Exercise aim: Repeat the data exactly, please; no pictures belong in the copy.

[[ Data section, beginning ]]

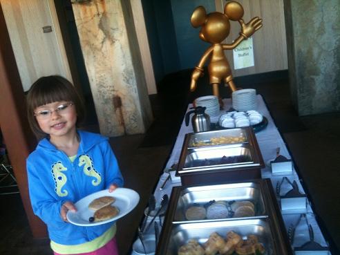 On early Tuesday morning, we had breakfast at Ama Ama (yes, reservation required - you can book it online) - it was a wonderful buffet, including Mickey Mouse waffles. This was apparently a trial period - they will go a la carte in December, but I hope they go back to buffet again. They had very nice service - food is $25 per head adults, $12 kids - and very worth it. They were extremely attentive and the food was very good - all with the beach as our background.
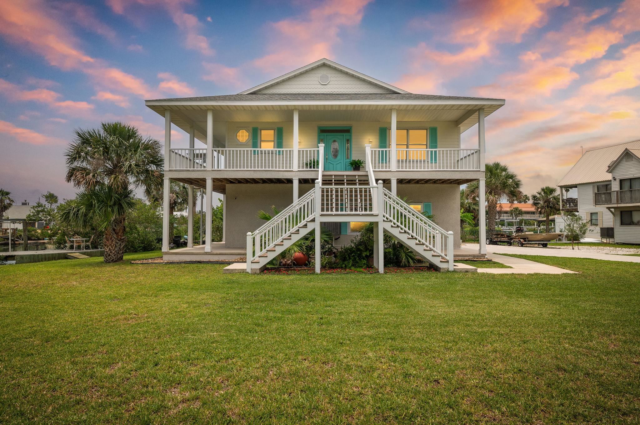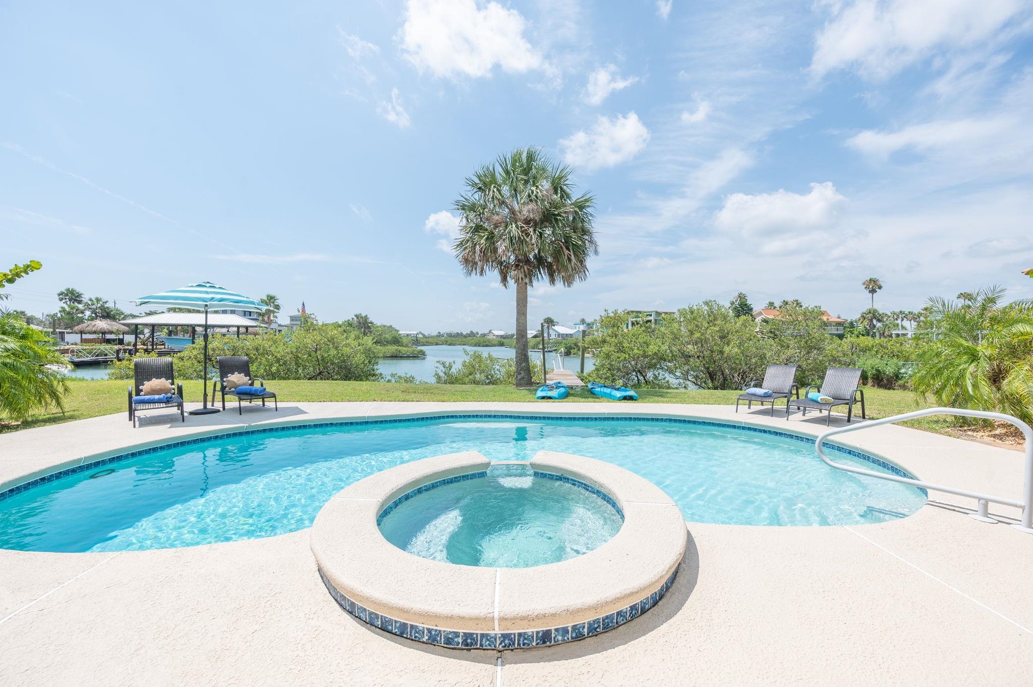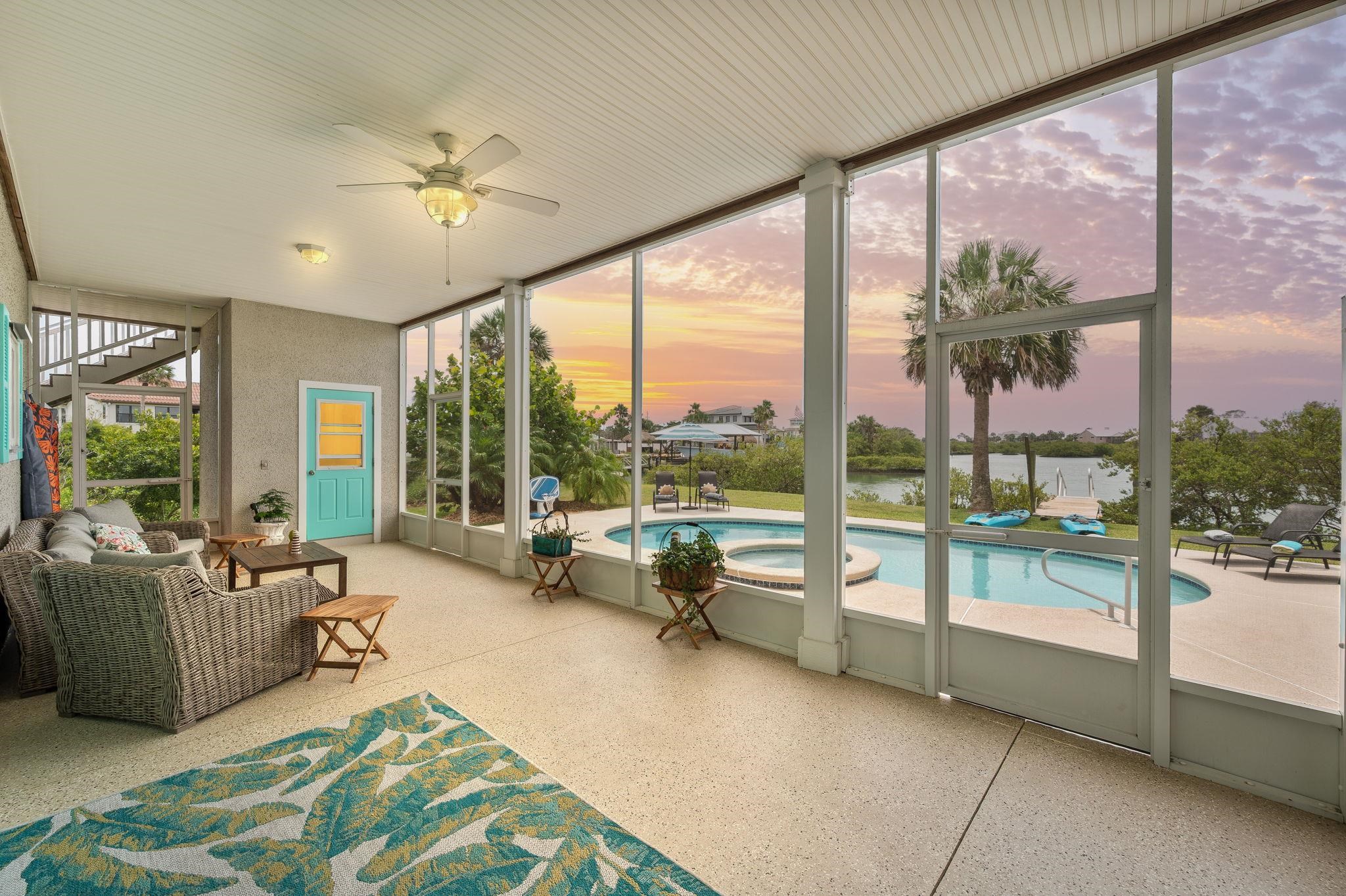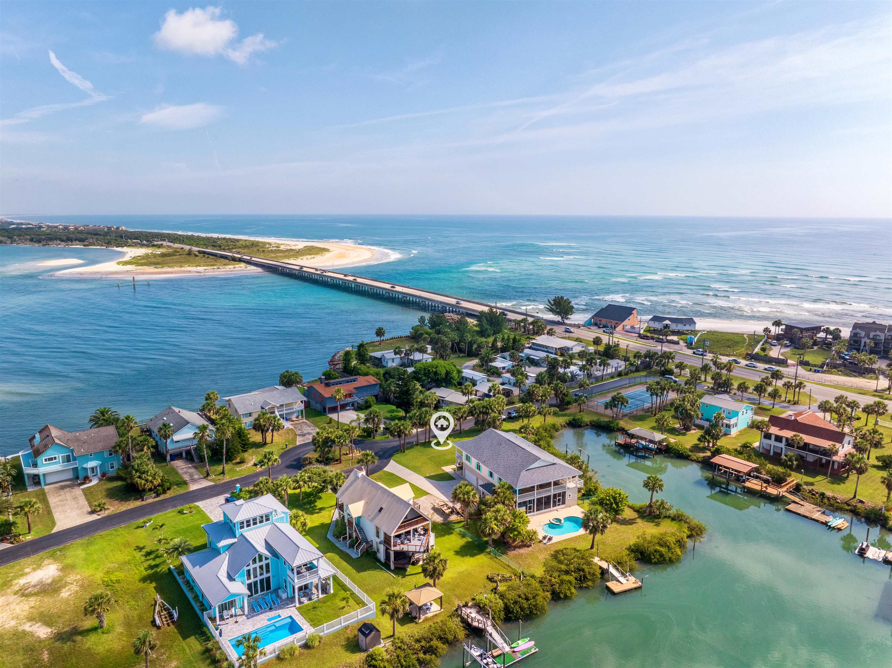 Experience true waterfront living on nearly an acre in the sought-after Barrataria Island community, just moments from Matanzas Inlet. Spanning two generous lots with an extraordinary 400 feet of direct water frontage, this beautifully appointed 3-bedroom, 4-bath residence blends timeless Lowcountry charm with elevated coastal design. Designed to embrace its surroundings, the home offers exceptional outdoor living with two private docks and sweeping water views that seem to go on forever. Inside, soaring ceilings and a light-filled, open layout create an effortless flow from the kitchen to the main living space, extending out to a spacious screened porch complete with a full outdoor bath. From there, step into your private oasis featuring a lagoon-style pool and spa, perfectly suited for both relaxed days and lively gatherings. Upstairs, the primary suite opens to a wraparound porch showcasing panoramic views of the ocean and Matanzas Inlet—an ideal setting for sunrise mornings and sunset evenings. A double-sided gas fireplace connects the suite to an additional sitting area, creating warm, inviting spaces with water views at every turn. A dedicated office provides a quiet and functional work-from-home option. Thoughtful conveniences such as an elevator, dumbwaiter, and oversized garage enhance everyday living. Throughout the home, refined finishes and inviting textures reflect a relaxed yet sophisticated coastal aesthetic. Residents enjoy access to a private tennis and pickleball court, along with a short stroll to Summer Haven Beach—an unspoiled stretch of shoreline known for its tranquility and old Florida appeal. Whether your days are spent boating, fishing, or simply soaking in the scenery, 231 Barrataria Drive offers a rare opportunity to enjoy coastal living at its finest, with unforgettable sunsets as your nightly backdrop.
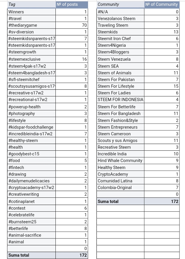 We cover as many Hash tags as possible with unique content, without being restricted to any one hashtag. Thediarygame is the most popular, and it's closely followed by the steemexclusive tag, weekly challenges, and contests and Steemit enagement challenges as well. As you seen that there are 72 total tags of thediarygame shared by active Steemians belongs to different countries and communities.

[[ Data section, end ]]

Solution to this exercise:
 On early Tuesday morning, we had breakfast at Ama Ama (yes, reservation required - you can book it online) - it was a wonderful buffet, including Mickey Mouse waffles. This was apparently a trial period - they will go a la carte in December, but I hope they go back to buffet again. They had very nice service - food is $25 per head adults, $12 kids - and very worth it. They were extremely attentive and the food was very good - all with the beach as our background.
 Experience true waterfront living on nearly an acre in the sought-after Barrataria Island community, just moments from Matanzas Inlet. Spanning two generous lots with an extraordinary 400 feet of direct water frontage, this beautifully appointed 3-bedroom, 4-bath residence blends timeless Lowcountry charm with elevated coastal design. Designed to embrace its surroundings, the home offers exceptional outdoor living with two private docks and sweeping water views that seem to go on forever. Inside, soaring ceilings and a light-filled, open layout create an effortless flow from the kitchen to the main living space, extending out to a spacious screened porch complete with a full outdoor bath. From there, step into your private oasis featuring a lagoon-style pool and spa, perfectly suited for both relaxed days and lively gatherings. Upstairs, the primary suite opens to a wraparound porch showcasing panoramic views of the ocean and Matanzas Inlet—an ideal setting for sunrise mornings and sunset evenings. A double-sided gas fireplace connects the suite to an additional sitting area, creating warm, inviting spaces with water views at every turn. A dedicated office provides a quiet and functional work-from-home option. Thoughtful conveniences such as an elevator, dumbwaiter, and oversized garage enhance everyday living. Throughout the home, refined finishes and inviting textures reflect a relaxed yet sophisticated coastal aesthetic. Residents enjoy access to a private tennis and pickleball court, along with a short stroll to Summer Haven Beach—an unspoiled stretch of shoreline known for its tranquility and old Florida appeal. Whether your days are spent boating, fishing, or simply soaking in the scenery, 231 Barrataria Drive offers a rare opportunity to enjoy coastal living at its finest, with unforgettable sunsets as your nightly backdrop.
 We cover as many Hash tags as possible with unique content, without being restricted to any one hashtag. Thediarygame is the most popular, and it's closely followed by the steemexclusive tag, weekly challenges, and contests and Steemit enagement challenges as well. As you seen that there are 72 total tags of thediarygame shared by active Steemians belongs to different countries and communities.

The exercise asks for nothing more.